A woman abandons her city life and marriage to return to the place of her childhood, holing up in a small religious community hidden away on the stark plains of the Monaro. She does not believe in God and doesn’t know what prayer is. She finds herself living this strange, reclusive life almost by accident. As she gradually adjusts to the rhythms of monastic life, she finds herself turning again and again to thoughts of her mother. Whose early death she can’t forget.
Disquiet interrupts this secluded life with three visitations. A terrible mouse plague, the return of the skeletal remains of a sister, presumed murdered. She had left the community decades before to minister to deprived women in Thailand. Finally, a troubling visitor to the monastery pulls the narrator further back into her past.
In this episode Gregory Dobbs chats to Charlotte Wood about how she came to choose a nameless narrator as her storyteller, why the Monaro plains hold such meaning for her, and the benefits of writing someone else’s memoir.
ABOUT THE AUTHOR
Charlotte Wood is the author of nine books including The Luminous Solution, and the international bestseller, The Weekend. The Weekend made it onto the shortlist for several awards including the Stella Prize and the Prime Minister’s Literary Award.

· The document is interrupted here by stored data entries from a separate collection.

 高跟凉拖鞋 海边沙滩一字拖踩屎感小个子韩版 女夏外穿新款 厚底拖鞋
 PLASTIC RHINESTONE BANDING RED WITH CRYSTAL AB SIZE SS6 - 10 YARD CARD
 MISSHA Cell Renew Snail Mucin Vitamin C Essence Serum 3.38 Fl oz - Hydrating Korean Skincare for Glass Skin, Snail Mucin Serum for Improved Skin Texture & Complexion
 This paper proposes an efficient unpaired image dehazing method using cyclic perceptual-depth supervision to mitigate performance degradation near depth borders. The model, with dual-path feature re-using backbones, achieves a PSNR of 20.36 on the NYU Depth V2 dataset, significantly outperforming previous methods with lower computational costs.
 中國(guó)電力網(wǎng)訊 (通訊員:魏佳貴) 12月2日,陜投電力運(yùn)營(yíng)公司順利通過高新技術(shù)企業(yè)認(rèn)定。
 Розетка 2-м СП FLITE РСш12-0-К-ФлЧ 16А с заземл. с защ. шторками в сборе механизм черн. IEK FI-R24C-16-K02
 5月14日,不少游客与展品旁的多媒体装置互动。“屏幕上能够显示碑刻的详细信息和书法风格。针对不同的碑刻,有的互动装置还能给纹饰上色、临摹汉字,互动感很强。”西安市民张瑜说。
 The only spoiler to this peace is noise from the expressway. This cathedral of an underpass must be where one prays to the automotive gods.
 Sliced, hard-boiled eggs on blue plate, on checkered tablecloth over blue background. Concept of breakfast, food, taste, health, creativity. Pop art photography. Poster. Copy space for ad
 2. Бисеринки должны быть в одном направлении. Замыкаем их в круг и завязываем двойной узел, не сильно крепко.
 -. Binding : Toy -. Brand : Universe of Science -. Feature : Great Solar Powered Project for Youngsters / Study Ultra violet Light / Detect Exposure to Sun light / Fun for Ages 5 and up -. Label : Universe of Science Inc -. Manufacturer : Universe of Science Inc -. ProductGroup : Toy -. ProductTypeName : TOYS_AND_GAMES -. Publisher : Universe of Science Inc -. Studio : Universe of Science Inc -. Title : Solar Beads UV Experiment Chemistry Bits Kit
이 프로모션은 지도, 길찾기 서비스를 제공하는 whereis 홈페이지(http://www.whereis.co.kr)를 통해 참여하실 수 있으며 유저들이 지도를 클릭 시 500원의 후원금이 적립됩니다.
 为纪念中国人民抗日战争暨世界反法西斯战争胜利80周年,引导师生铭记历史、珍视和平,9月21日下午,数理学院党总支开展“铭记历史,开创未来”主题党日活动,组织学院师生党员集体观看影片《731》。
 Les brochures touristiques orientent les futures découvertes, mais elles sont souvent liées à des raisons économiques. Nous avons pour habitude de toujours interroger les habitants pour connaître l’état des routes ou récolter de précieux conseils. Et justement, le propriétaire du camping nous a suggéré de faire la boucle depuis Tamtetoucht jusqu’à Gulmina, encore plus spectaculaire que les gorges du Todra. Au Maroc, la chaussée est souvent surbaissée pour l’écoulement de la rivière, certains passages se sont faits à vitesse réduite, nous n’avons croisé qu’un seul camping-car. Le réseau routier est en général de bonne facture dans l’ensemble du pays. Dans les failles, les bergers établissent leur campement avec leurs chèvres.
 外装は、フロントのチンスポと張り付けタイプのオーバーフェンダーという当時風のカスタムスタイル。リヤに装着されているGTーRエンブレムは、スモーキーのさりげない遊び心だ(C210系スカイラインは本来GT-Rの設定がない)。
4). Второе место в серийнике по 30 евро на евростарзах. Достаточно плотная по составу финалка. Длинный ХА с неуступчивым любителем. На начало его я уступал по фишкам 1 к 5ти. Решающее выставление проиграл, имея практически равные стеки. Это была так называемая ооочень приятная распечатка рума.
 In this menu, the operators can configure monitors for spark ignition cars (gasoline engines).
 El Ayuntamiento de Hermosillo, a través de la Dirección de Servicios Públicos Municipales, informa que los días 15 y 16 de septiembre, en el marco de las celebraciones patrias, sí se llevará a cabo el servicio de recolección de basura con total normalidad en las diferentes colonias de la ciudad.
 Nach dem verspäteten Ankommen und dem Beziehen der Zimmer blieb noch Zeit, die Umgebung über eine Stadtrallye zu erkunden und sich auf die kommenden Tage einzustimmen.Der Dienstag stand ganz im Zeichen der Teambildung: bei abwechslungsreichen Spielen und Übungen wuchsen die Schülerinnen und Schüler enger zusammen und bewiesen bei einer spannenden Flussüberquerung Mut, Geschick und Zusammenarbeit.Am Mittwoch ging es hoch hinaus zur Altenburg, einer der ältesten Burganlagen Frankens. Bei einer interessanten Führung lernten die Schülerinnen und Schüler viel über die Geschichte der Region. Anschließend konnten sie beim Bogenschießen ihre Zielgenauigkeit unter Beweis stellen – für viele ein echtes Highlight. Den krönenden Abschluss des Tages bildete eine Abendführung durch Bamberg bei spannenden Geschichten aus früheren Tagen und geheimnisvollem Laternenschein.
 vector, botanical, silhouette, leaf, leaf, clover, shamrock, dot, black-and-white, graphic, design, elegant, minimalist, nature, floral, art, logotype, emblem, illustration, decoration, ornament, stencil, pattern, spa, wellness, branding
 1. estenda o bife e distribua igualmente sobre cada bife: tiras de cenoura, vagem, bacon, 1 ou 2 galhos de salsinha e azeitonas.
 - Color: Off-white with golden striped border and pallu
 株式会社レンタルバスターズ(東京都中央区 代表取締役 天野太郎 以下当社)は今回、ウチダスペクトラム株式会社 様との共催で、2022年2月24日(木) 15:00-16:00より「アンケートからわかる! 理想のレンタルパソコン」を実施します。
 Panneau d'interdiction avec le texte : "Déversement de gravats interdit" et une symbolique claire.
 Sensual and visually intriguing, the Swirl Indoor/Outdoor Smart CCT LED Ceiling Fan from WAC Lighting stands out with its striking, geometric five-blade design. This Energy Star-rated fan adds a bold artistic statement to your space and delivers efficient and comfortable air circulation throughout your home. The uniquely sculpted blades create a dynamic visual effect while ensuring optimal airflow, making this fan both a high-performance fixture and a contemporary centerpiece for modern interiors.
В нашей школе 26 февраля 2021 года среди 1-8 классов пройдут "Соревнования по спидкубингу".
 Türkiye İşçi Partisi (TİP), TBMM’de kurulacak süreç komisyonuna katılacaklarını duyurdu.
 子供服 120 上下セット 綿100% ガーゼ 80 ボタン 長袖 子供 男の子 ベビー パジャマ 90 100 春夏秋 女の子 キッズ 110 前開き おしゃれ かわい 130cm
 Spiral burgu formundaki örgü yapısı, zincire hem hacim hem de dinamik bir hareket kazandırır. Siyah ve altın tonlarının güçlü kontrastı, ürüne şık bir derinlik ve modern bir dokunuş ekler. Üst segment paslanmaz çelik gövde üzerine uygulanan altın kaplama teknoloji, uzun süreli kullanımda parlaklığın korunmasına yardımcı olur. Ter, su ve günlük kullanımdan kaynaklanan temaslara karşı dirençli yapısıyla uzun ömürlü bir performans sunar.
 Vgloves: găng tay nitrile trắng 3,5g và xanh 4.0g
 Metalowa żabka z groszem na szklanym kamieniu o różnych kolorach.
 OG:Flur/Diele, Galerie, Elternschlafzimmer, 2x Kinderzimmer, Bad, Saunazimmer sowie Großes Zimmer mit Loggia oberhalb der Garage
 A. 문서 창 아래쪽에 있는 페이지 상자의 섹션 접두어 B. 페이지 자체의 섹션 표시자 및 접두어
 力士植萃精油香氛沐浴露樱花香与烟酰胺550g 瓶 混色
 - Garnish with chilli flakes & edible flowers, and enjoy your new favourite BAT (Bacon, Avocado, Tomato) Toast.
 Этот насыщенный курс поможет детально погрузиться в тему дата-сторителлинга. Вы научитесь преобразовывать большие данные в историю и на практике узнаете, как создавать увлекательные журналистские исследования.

Both of which she won for her previous novel, The Natural Way of Things, in 2016. That title was featured in the 2021 ABC Television series, ‘The Books That Made Us’.
Belvoir Theatre Company in Sydney staged an adaptation of The Weekend in August 2023.
In 2019 Charlotte was made a Member of the Order of Australia (AM). She also earned her spot as one of the Australian Financial Review’s 100 Women of Influence. Her features and essays have appeared in The New York Times, The Guardian, Literary Hub, The Sydney Morning Herald and The Saturday Paper among other publications.